But one event at Cop26 will raise the spirits. The NHS, far out ahead, will make a key presentation to the world’s other health systems to show what can be done. The NHS is responsible for 5% of the UK’s carbon emissions: the recently departed head of NHS England, Simon Stevens, put climate targets firmly into the NHS long-term plan, warning: “If health services across the world were their own country, they’d be the fifth-largest emitter on the planet.”

You might think going green was the last thing the NHS could do right now, after its decade of unprecedented underfunding, with waiting lists going through the roof, acute doctor and nurse shortages, and burnt-out staff being awarded paltry pay rises. But no. Jackie Daniel, head of Newcastle upon Tyne hospitals, has pioneered the green cause within the NHS and is making the Cop26 presentation to world health services. “A few, exhausted trusts did think this was the last thing they could cope with now,” she tells me. “But astonishingly, nearly everywhere has seized on this. We’ve found it’s something that really enthuses staff, and they have been the ones driving it forward.”

We also know that the NHS is very equitable, most fair and offers equal access to all. All quite possibly desirable attributes of a health care system.

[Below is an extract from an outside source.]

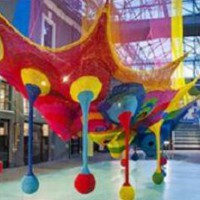 The product for climbing is suspended like a colorful spider’s web use the upstairs space, an architectural marvel made of rope. Complete with spider-egg-sac-like ball swings near the floor, and portals to interior sliding tubes, the mesh of sensory provocation affords children the chance to work out their wiggles and learn through play.
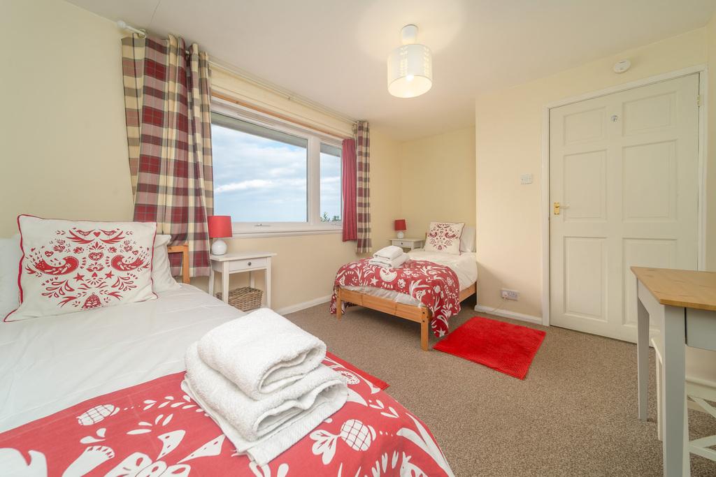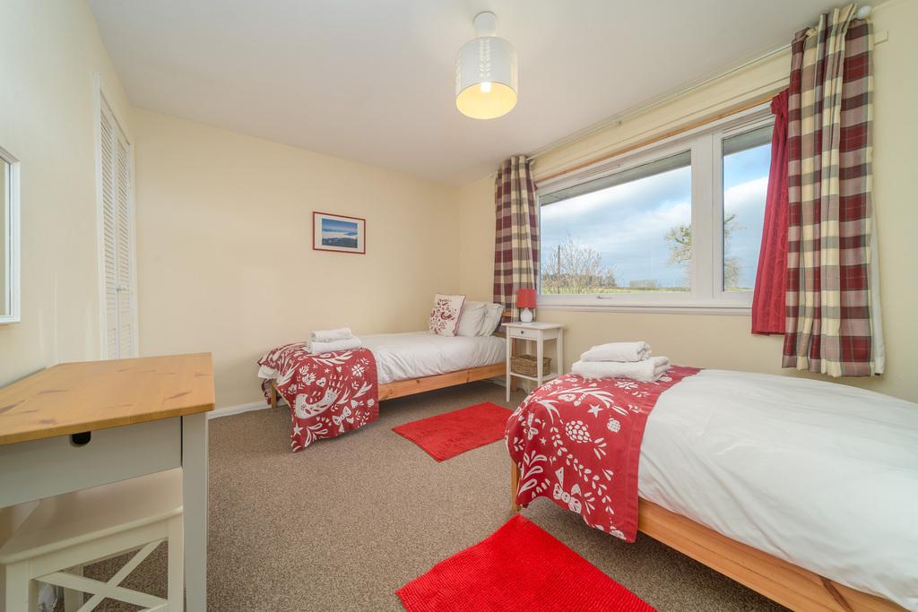 Bedroom 2 is another king-sized bedroom, currently set as a twin room, also featuring built-in storage. A large window overlooking the uninterrupted countryside views to the back of the property, another light, bright and peaceful room.

We can’t help but keep reminding ourselves that even with all of this the NHS isn’t in fact a good health care system. As the OECD (and others, there are a number of attempts at quantifying this) points out the NHS just isn’t very good at “mortality amenable to health care”. That is, stopping people from dying from things which medical treatment could stop them dying from. We may indeed be merely neoliberal utilitarians but we do think that could be a significant aim of having a health care system.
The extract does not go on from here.